The MEX3 protein family of RNA binding E3 ubiquitin ligases - a switch for controlling rapid mRNA decay
Messenger RNA (mRNA) decay is an important mechanism to control gene expression. It ensures a dynamic and rapid translatome remodeling response upon developmental and environmental cues. The canonical mRNA decay pathway starts with the removal of the 3´ poly(A) tail by deadenylases, such as the CCR4-NOT complex, which acts in both, bulk and targeted mRNA decay. In the latter, adaptor proteins recognize a specific sequence or feature in the target mRNA and recruit CCR4-NOT. A subgroup of these RNA binding proteins (RBP) contains in addition to their RNA binding functionality an E3 ubiquitin ligase domain (RBE3L). Their unique architecture allows them to bridge RNA and protein metabolism and to act as a molecular switch upon certain stimuli. An example of an RBE3L is the muscle excess 3 (MEX3) protein family (MEX3 A-D). Best characterized is MEX3C, which acts as a molecular switch in the immune system, foremost in natural killer (NK) cells. Resting NK cells are kept inactive by the intracellular interaction of major histocompatibility complex I (MHC-I) with inhibitory receptors on the NK cell surface. Upon inflammation, surface MHC-I levels need to be reduced in a rapid manner to switch NK cells to an activated state. MEX3C enables that switch by a novel mechanism: It specifically recognizes the MHC-I mRNA and recruits and ubiquitinates the CNOT7/8 deadenylase of the CCR4-NOT complex. This results in a rapid decay of MHC-I mRNA and NK cell activation.

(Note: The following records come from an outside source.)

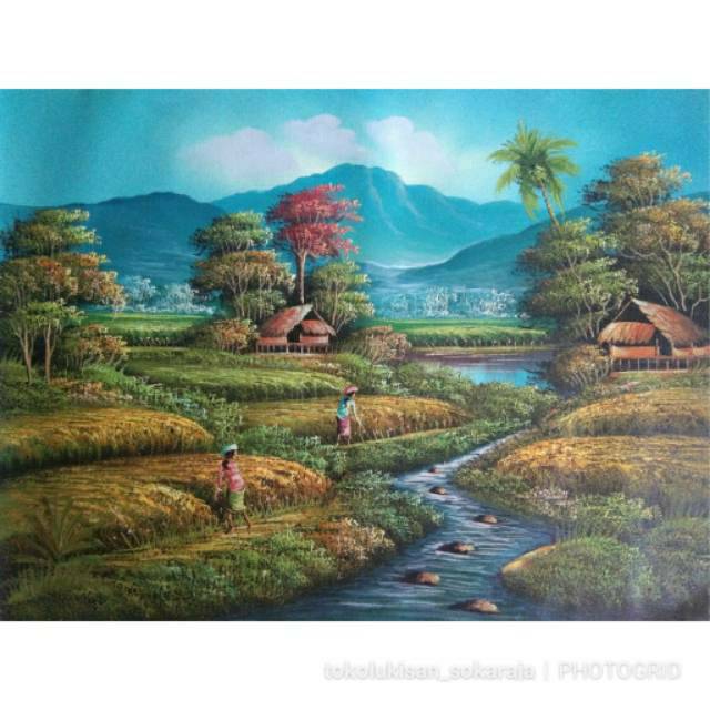 Jual Lukisan Pemandangan Sawah Padi Sungai Gunung Hiasan Dinding 1 Terbaru Harga Promo Desember 2019 Blibli Com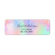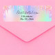 En trendig holografisk bakgrund med enhörningsfärger och regnbågsfärger i rosa, lila, mintgrön. Dekorerad med droppar i rosa och lila. Anpassa och lägg till ditt namn och adress. Perfekt för bröllopsfest, baby shower eller födelsedagsfirande inbjudningar, märkning av dina skolprylar.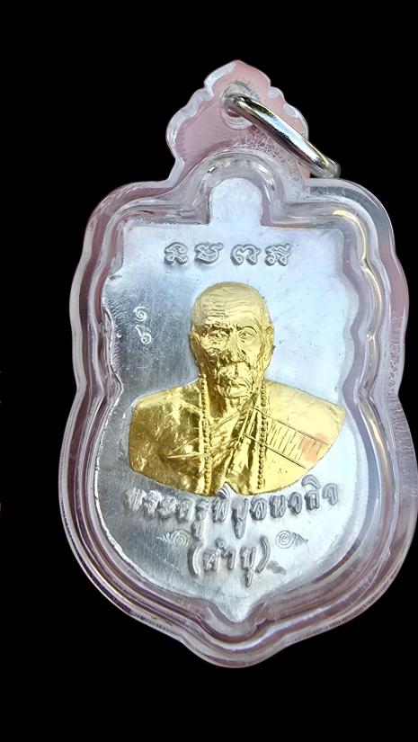 เหรียญกันภัย รุ่นเงินมา เนื้อเงินหน้ากากทองคำ เลข160 หลวงปู่คำบุ คุตตจิตโต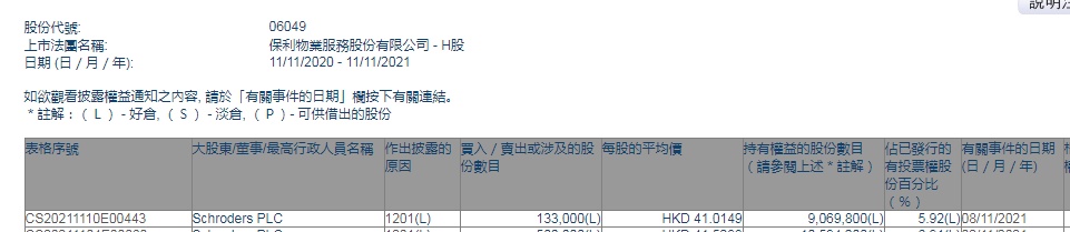 智通财经APP获悉,香港联交所最新资料显示,11月8日,Schroders PLC减持保利物业(06049)13.3万股,每股作价41.0149港元,总金额约为545.50万港元。减持后最新持股数目为906.98万股,最新持股比例为5.92%。

A similar mechanism has been proposed for MEX3A and MEX3B in the evasion of the immune system by cancer cells. The molecular details of how MEX3 proteins recruit CCR4-NOT and how CNOT7/8 ubiquitination stimulates mRNA decay are elusive to date. Both CCR4-NOT and MEX3 interact functionally with the translation machinery, raising the question if mRNA decay occurs co-translationally. To answer the outstanding questions, we will recombinantly express human CCR4-NOT complex, MEX3 proteins and variants thereof and perform interaction studies to decipher their interaction network. Recombinant proteins will be also used for functional in vitro studies, such as deadenylation-, ubiquitination- and translation assays and combinations thereof. In addition, we will employ an integrative structural biology approach (cryoEM, macromolecular crystallography, crosslinking mass-spectrometry, NMR) to obtain structural information at the atomic level. We will use in cellulo studies, to test results from the in vitro assays and to identify novel interaction and ubiquitination targets of MEX3 proteins. Together, our goal is to understand the molecular details of the ubiquitin-meditated on switch in mRNA decay by the MEX3 protein family, with a focus on MEX3C in MHC-I mRNA decay.